[Stored items]
*** Block opens ***
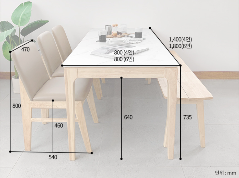 의자는 고민을 하다가 일반 의자를 선택했는데 벤치형 의자가 공간 절약이 되는 장점은 있지만 두 명이 앉거나 일어날 때 동시에 일어나지 않는 한 매번 의자를 움직여야 하는 불편함이 있어서 일반 의자를 선택했다.
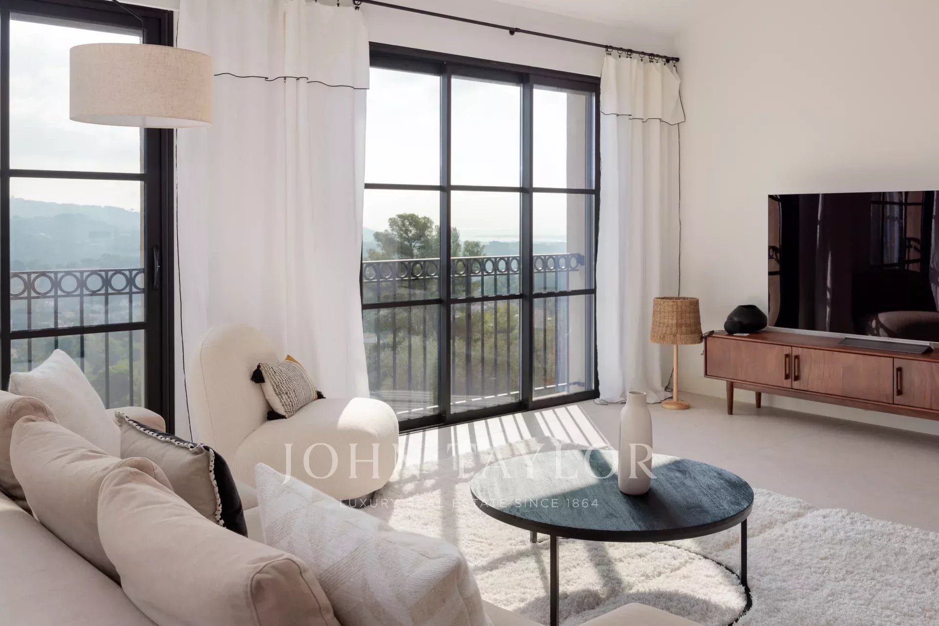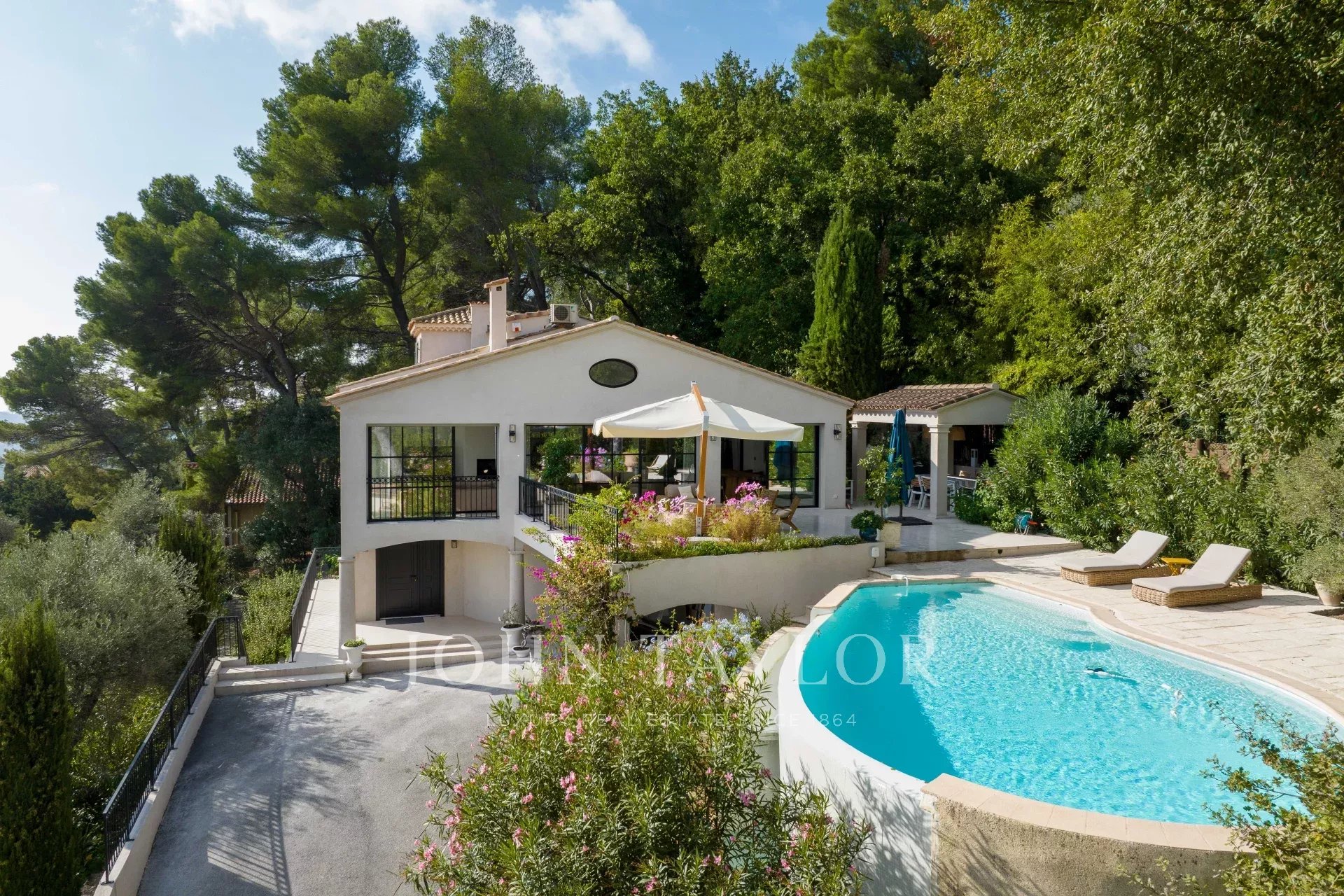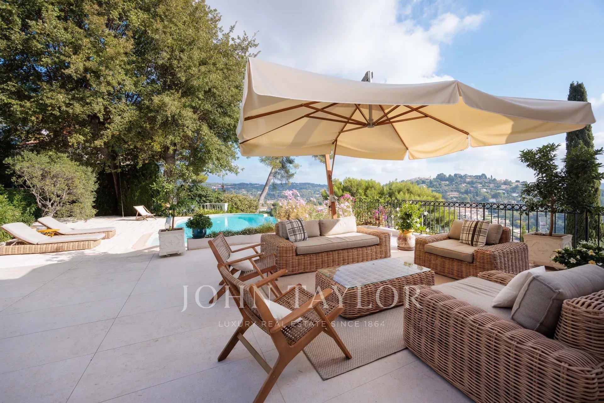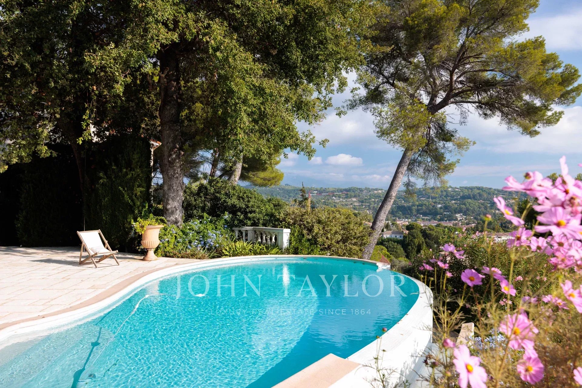 Es bietet einen außergewöhnlichen Panoramablick auf das Meer, das alte Dorf Mougins und die Hügel.
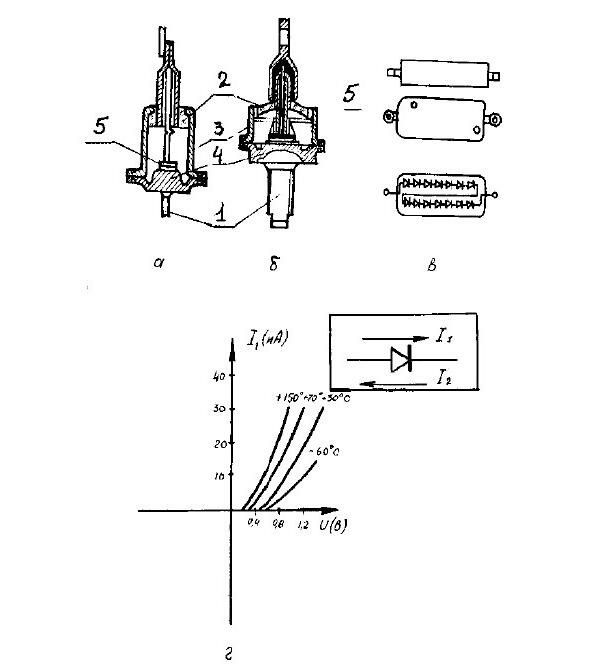 2.11 расм. Тўғрилагич диодлар ва устунчалар: а кавшарланган кам қувватли кремнийли диод: 1 чиқиқ, 2 шиша изолятор, 3 корпус, 4 кристалл тутқич, 5 алюминий сим, 6- кристалл, 7- кавшар; б қувватли тўғрилагич диоди: 1 чиқиқлар, 5 ковшар, 6 кристалл тутқич; в тўғрилагич. устунча, г-кремний ясси тўғрилагич диодларининг иш харароти бўйича ВАТси.
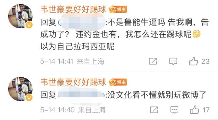 扫描下载懂球帝首页>动态> 韦世豪对线球迷:鲁能告我怎么没成功?以为自己拉玛西亚呢
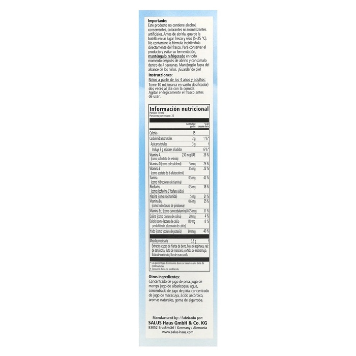 Дети от 4 лет и взрослые: Принимать по 10 мл (отметка на крышке) два раза в день во время еды. Хорошо встряхните флакон перед использованием. Чтобы сохранить продукт и предотвратить его брожение, после вскрытия всегда храните его в холодильнике. Рекомендуется употребить в течение 4 недель.
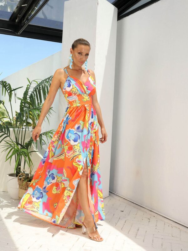 Turuncu Renkli Çapraz askı Uzun Elbise
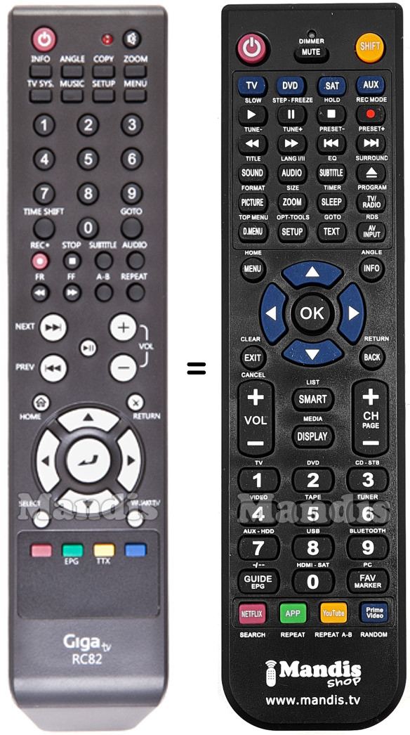 Aquest comandament a distància substitueix completament el teu RC82 en totes les seves funcions. No és un comandament universal, sinó una còpia exacta del teu original.
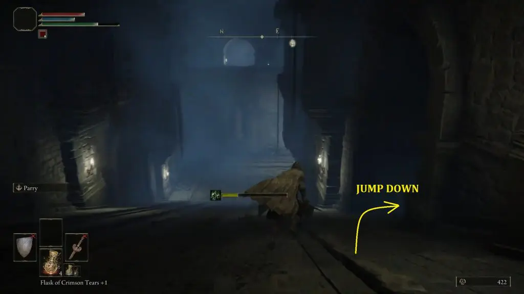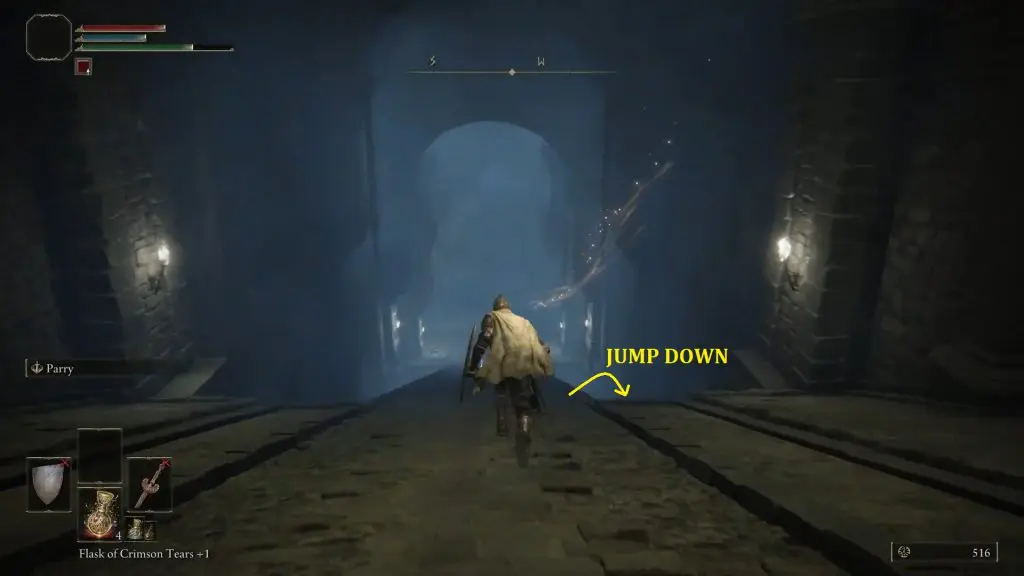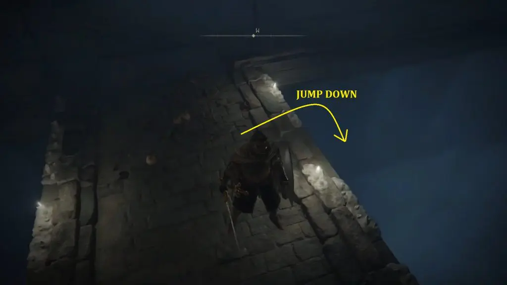 After collecting the Talisman, jump down from the left side of the bridge as shown below.
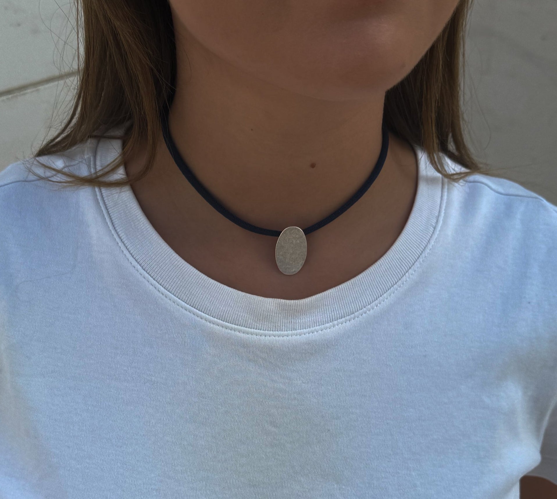 Collar con pieza de zamak antialérgico fabricado con técnicas artesanales, con un diseño que combina elegancia y modernidad.
*** Block closes ***
• What to produce
From the records above, write out exactly the lines that begin at the line with "Turuncu Renkli Çapraz askı Uzun Elbise" and end at the line with "Aquest comandament a". Pictures must not appear in the output.

• Finished exercise
 Turuncu Renkli Çapraz askı Uzun Elbise
 Aquest comandament a distància substitueix completament el teu RC82 en totes les seves funcions. No és un comandament universal, sinó una còpia exacta del teu original.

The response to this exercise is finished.